- **Exercise**: Everything in the listing below should be written out again exactly, except the pictures.

- **Available data**:
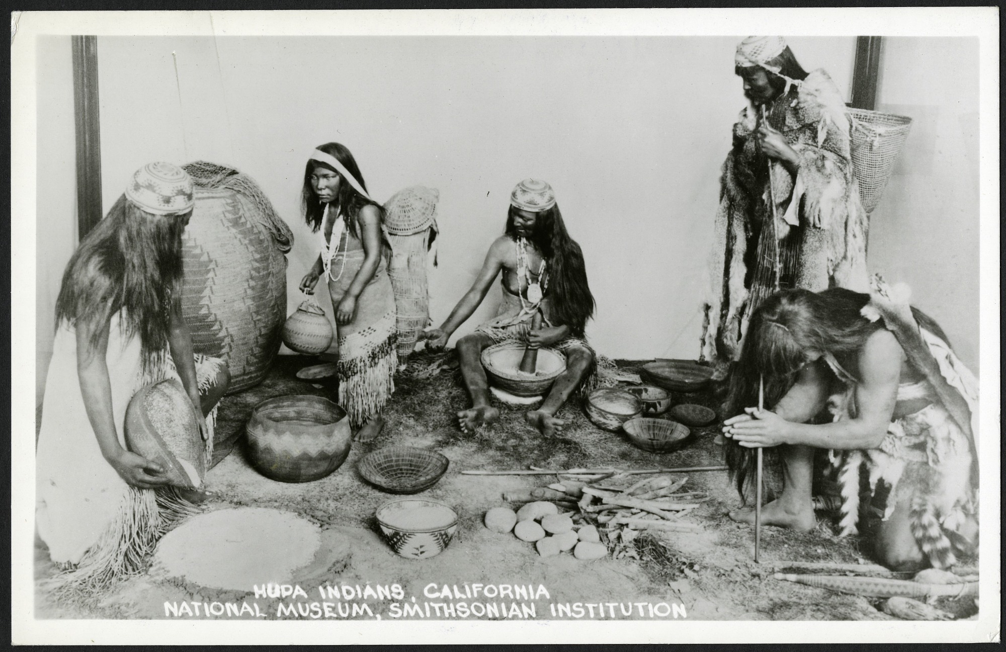 "Real photo" postcard of an exhibit of Native American Hupa Indians at the United States National Museum, now the National Museum of Natural History. The exhibit caption reads "Hupa Indians, California, National Museum, Smithsonian Institution." The exhibit shows models of five Native Americans, and each appears to be engaged in different tasks preparing food. The postcard is unused, and its front has a white border.
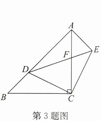 3. 如图,在$Rt\triangle ACB$中,$\angle ACB = 90^{\circ}$,$AC = BC = \sqrt{2}$,$D是AB$上的一个动点,连接$CD$,将$\triangle BCD绕点C顺时针旋转90^{\circ}得到\triangle ACE$,连接$DE$,则$\triangle ADE$面积的最大值等于
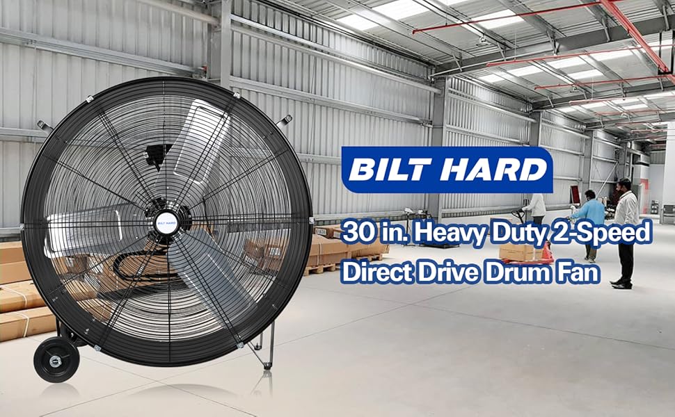 BILT HARD 30" 13000 CFM High Velocity Drum Fan: 2-Speed Heavy Duty Industrial Fan, UL Listed
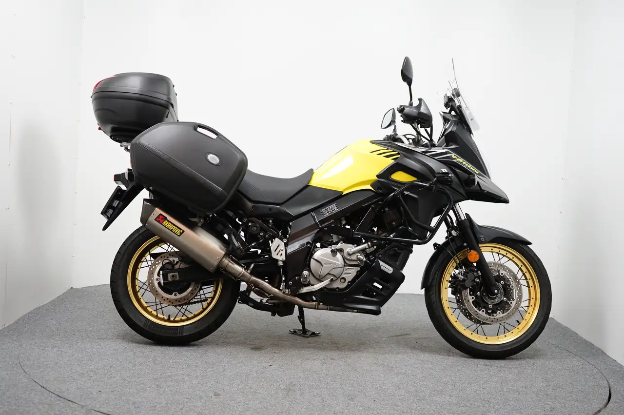 Een in zeer nette staat verkerende Suzuki DL 650 XT V-Strom ABS met een Akrapovic uitlaatsysteem, Valbeugels, Mistlampen, Givi windscherm, Kofferset en Belly-Pan.
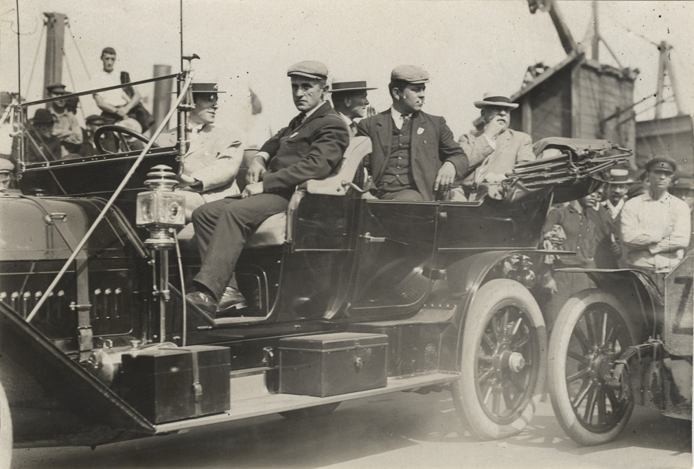 Motorists in automobile on dock, 1908 New York to Paris Race
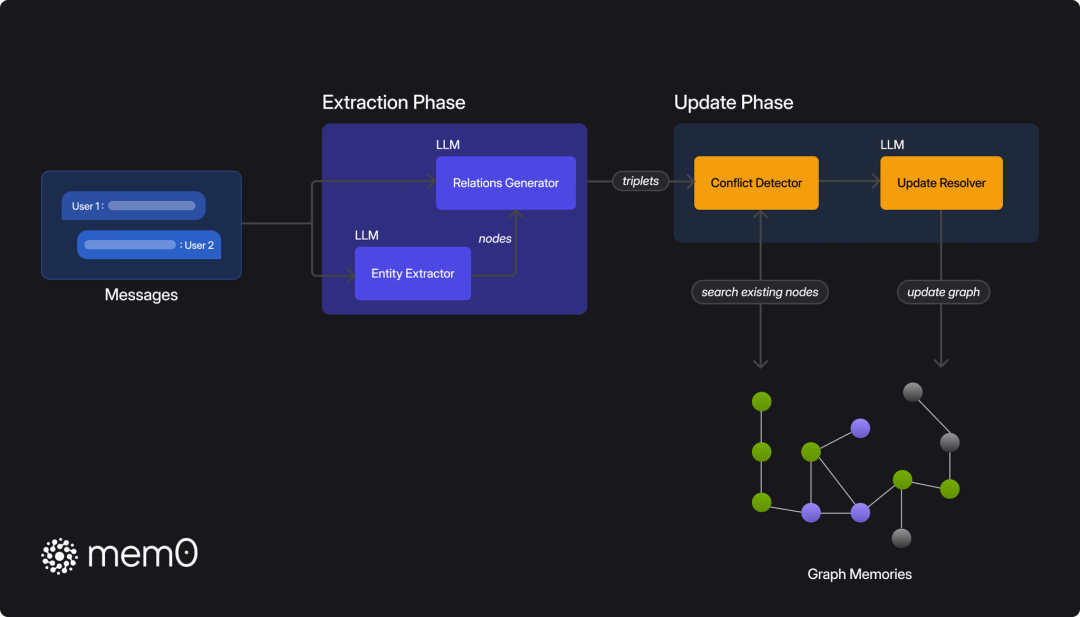 Mem0 的底层架构其实是在解决“如何让AI像人一样记得有用的事”。
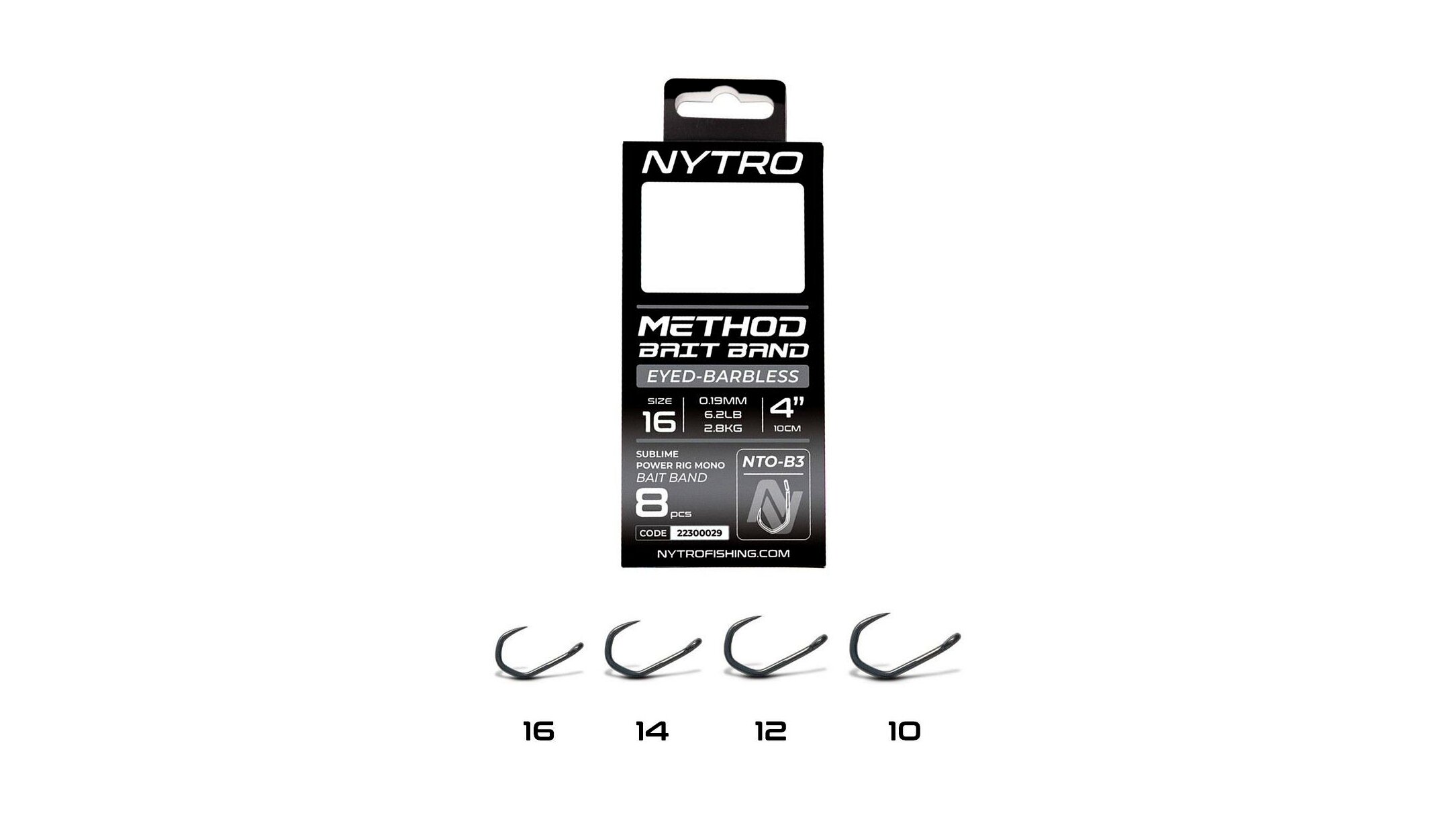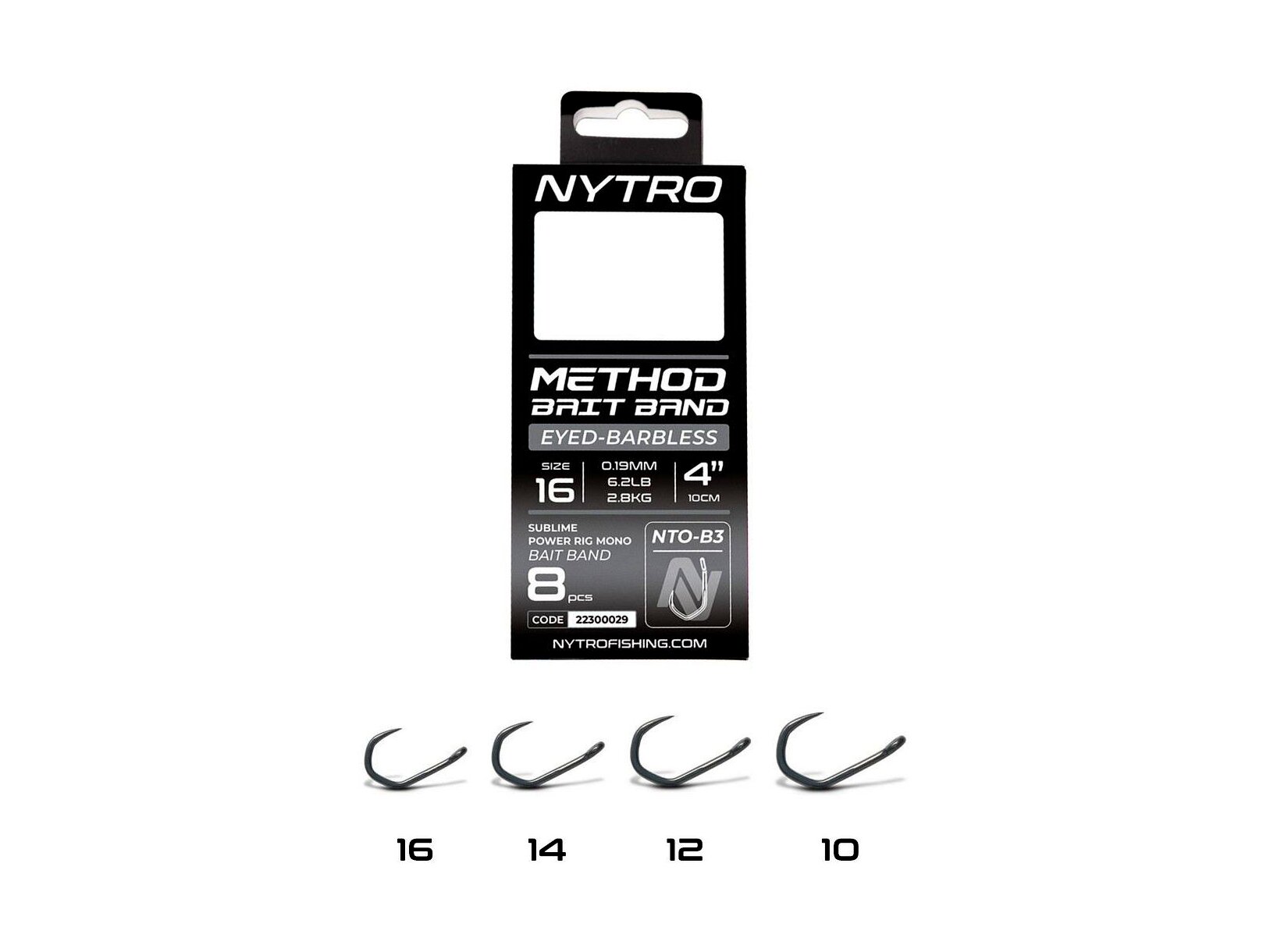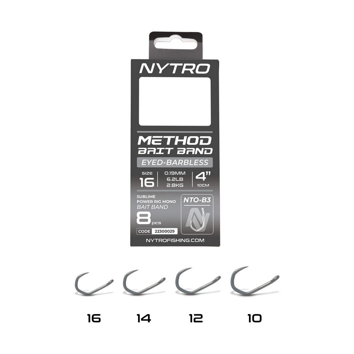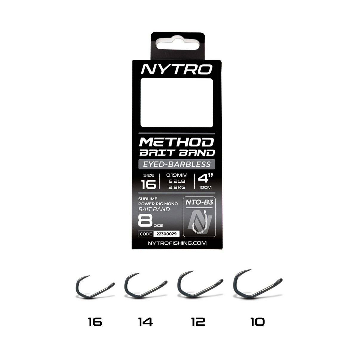 A Nytro Method Latex Bait Band Hooks to Nylon – B3 széria kifejezetten nagytestű, erőteljes halak horgászatára lett tervezve, ahol az erő és a biztos horogtartás alapvető elvárás. A 10 cm-es előkék tartós latex csaligyűrűvel (bait band) vannak ellátva, így ideális választást jelentenek wafters vagy kemény pelletek method kosaras felkínálásához.
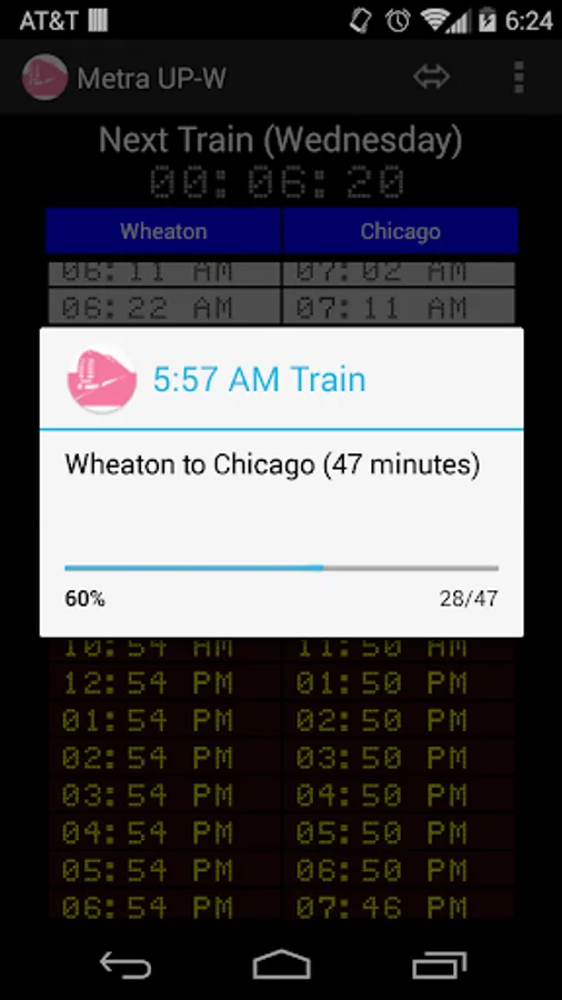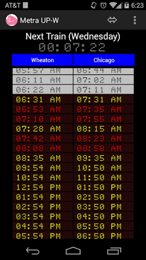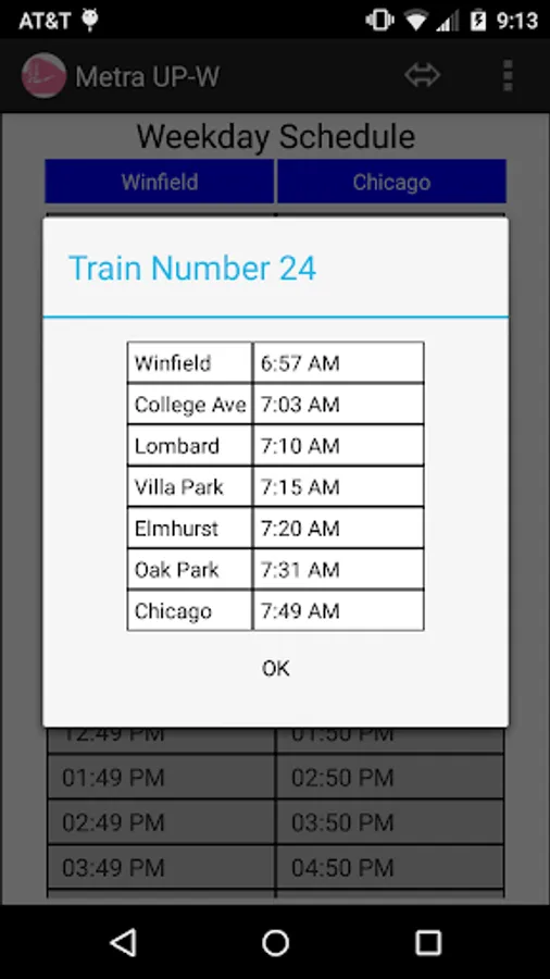 Find the next express or regular train based on the time now and your destination on the Metra Union Pacific West line.
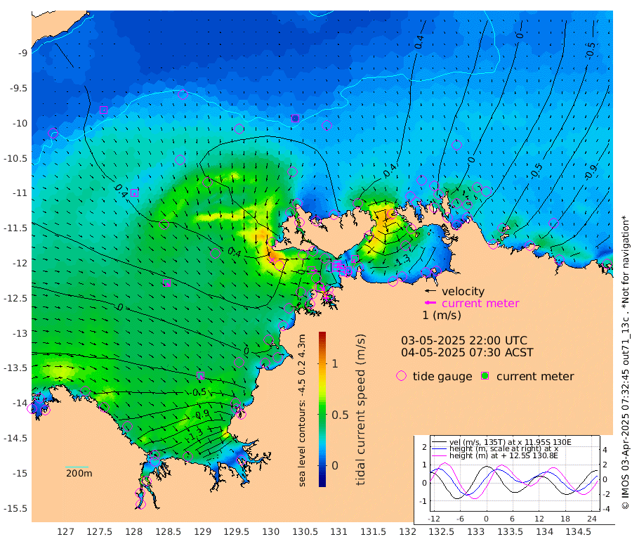 18cm/s 82T +4cm/s rms + 6cm/s 51T. Darwin_C1 52m 12cm/s 85T +4cm/s rms + 7cm/s -161T. Darwin_CW1 22m 25cm/s 72T +4cm/s rms + 8cm/s 61T. Darwin_CW2 34m 34cm/s -152T +3cm/s rms + 9cm/s 98T. Darwin_CW3 22m 16cm/s 80T +5cm/s rms + 7cm/s 88T. Darwin_C3 56m 19cm/s 61T +2cm/s rms + 9cm/s -126T. Darwin_CTbW 22m 3cm/s -145T +9cm/s rms + 2cm/s -110T. NWSLYN 196m 53cm/s 93T +1cm/s rms + 1cm/s -47T. DARBGF 30m 8cm/s 126T +7cm/s rms + 2cm/s -137T. ITFTIS 464m 21cm/s 163T +9cm/s rms + 1cm/s 74T. ITFMHB 146m 36cm/s 149T +4cm/s rms + 1cm/s -134T. ITFJBG 61m 38cm/s 134T +6cm/s rms + 4cm/s 121T. ITFFTB 108m 56cm/s 123T +4cm/s rms + 3cm/s 80T. NRSDAR 19m -74cm Carronade Island -76cm Guy Point -81cm Napier Broome Bay -67cm Lesueur Island -62cm Reveley Island -2cm Rocky Island -116cm Cape Domett -103cm Lacrosse Island -152cm Adolphus Island -218cm Pender Point -254cm Wyndham 25cm The Boxers 24cm Unnamed Shoal 43cm Loxton Shoal -101cm Pelican Island 48cm Calder Shoal 46cm Evans Shoal -199cm Quoin Island -49cm Port Keats -57cm Jones Point -266cm Catfish Island 8cm Cape Scott Offshore 50cm Cape Ford 13cm Anson Bay 49cm Goodrich Bank 20cm Peron Island North 26cm Point Jenny 30cm Native Point 24cm Fish Reef 22cm Tapa Bay 53cm Point Fawcett (Offshore) 8cm Burge Point 50cm Munkunuwa 38cm Beagle A 11cm Parsons Bank 14cm Fenton Patches 37cm Lynedoch Bank -6cm Hancox Shoal Area 7cm Nightcliff -3cm Darwin 12cm Charles Point Patches -60cm Glyde Point -133cm Chambers Bay -152cm Point Stuart -82cm Cape Hotham -117cm Christine Reef -170cm West Alligator Head -203cm East Field Island -101cm Two Hills Bay 26cm Newby Shoal -98cm Camp Point 29cm Medina Inlet South 66cm South Barlow Point 64cm St. Asaph Bay 52cm Cape Van Dieman 52cm Snake Bay 39cm Cache Point 33cm Echo Shoal 26cm Point Jahleel (Off) -17cm Cape Don 14cm Port Essington 21cm Smith Point - West 12cm NW Peacock Island 24cm North Of Jones Shoal 6cm Peacock Island -21cm Point David 14cm D'urville Point -3cm Money Shoal -25cm Copeland Island -34cm Cape Cockburn -17cm One Tree Point -46cm Hogmany Shoal -24cm New Year Island - West -27cm Grant Island -48cm Aurari Bay -78cm Cuthbert Point -51cm North Goulburn Island -101cm Paxie Shoal -116cm Entrance Island -158cm Yabooma Island

- **Task output**:
 "Real photo" postcard of an exhibit of Native American Hupa Indians at the United States National Museum, now the National Museum of Natural History. The exhibit caption reads "Hupa Indians, California, National Museum, Smithsonian Institution." The exhibit shows models of five Native Americans, and each appears to be engaged in different tasks preparing food. The postcard is unused, and its front has a white border.
 3. 如图,在$Rt\triangle ACB$中,$\angle ACB = 90^{\circ}$,$AC = BC = \sqrt{2}$,$D是AB$上的一个动点,连接$CD$,将$\triangle BCD绕点C顺时针旋转90^{\circ}得到\triangle ACE$,连接$DE$,则$\triangle ADE$面积的最大值等于
 BILT HARD 30" 13000 CFM High Velocity Drum Fan: 2-Speed Heavy Duty Industrial Fan, UL Listed
 Een in zeer nette staat verkerende Suzuki DL 650 XT V-Strom ABS met een Akrapovic uitlaatsysteem, Valbeugels, Mistlampen, Givi windscherm, Kofferset en Belly-Pan.
 Motorists in automobile on dock, 1908 New York to Paris Race
 Mem0 的底层架构其实是在解决“如何让AI像人一样记得有用的事”。
 A Nytro Method Latex Bait Band Hooks to Nylon – B3 széria kifejezetten nagytestű, erőteljes halak horgászatára lett tervezve, ahol az erő és a biztos horogtartás alapvető elvárás. A 10 cm-es előkék tartós latex csaligyűrűvel (bait band) vannak ellátva, így ideális választást jelentenek wafters vagy kemény pelletek method kosaras felkínálásához.
 Find the next express or regular train based on the time now and your destination on the Metra Union Pacific West line.
 18cm/s 82T +4cm/s rms + 6cm/s 51T. Darwin_C1 52m 12cm/s 85T +4cm/s rms + 7cm/s -161T. Darwin_CW1 22m 25cm/s 72T +4cm/s rms + 8cm/s 61T. Darwin_CW2 34m 34cm/s -152T +3cm/s rms + 9cm/s 98T. Darwin_CW3 22m 16cm/s 80T +5cm/s rms + 7cm/s 88T. Darwin_C3 56m 19cm/s 61T +2cm/s rms + 9cm/s -126T. Darwin_CTbW 22m 3cm/s -145T +9cm/s rms + 2cm/s -110T. NWSLYN 196m 53cm/s 93T +1cm/s rms + 1cm/s -47T. DARBGF 30m 8cm/s 126T +7cm/s rms + 2cm/s -137T. ITFTIS 464m 21cm/s 163T +9cm/s rms + 1cm/s 74T. ITFMHB 146m 36cm/s 149T +4cm/s rms + 1cm/s -134T. ITFJBG 61m 38cm/s 134T +6cm/s rms + 4cm/s 121T. ITFFTB 108m 56cm/s 123T +4cm/s rms + 3cm/s 80T. NRSDAR 19m -74cm Carronade Island -76cm Guy Point -81cm Napier Broome Bay -67cm Lesueur Island -62cm Reveley Island -2cm Rocky Island -116cm Cape Domett -103cm Lacrosse Island -152cm Adolphus Island -218cm Pender Point -254cm Wyndham 25cm The Boxers 24cm Unnamed Shoal 43cm Loxton Shoal -101cm Pelican Island 48cm Calder Shoal 46cm Evans Shoal -199cm Quoin Island -49cm Port Keats -57cm Jones Point -266cm Catfish Island 8cm Cape Scott Offshore 50cm Cape Ford 13cm Anson Bay 49cm Goodrich Bank 20cm Peron Island North 26cm Point Jenny 30cm Native Point 24cm Fish Reef 22cm Tapa Bay 53cm Point Fawcett (Offshore) 8cm Burge Point 50cm Munkunuwa 38cm Beagle A 11cm Parsons Bank 14cm Fenton Patches 37cm Lynedoch Bank -6cm Hancox Shoal Area 7cm Nightcliff -3cm Darwin 12cm Charles Point Patches -60cm Glyde Point -133cm Chambers Bay -152cm Point Stuart -82cm Cape Hotham -117cm Christine Reef -170cm West Alligator Head -203cm East Field Island -101cm Two Hills Bay 26cm Newby Shoal -98cm Camp Point 29cm Medina Inlet South 66cm South Barlow Point 64cm St. Asaph Bay 52cm Cape Van Dieman 52cm Snake Bay 39cm Cache Point 33cm Echo Shoal 26cm Point Jahleel (Off) -17cm Cape Don 14cm Port Essington 21cm Smith Point - West 12cm NW Peacock Island 24cm North Of Jones Shoal 6cm Peacock Island -21cm Point David 14cm D'urville Point -3cm Money Shoal -25cm Copeland Island -34cm Cape Cockburn -17cm One Tree Point -46cm Hogmany Shoal -24cm New Year Island - West -27cm Grant Island -48cm Aurari Bay -78cm Cuthbert Point -51cm North Goulburn Island -101cm Paxie Shoal -116cm Entrance Island -158cm Yabooma Island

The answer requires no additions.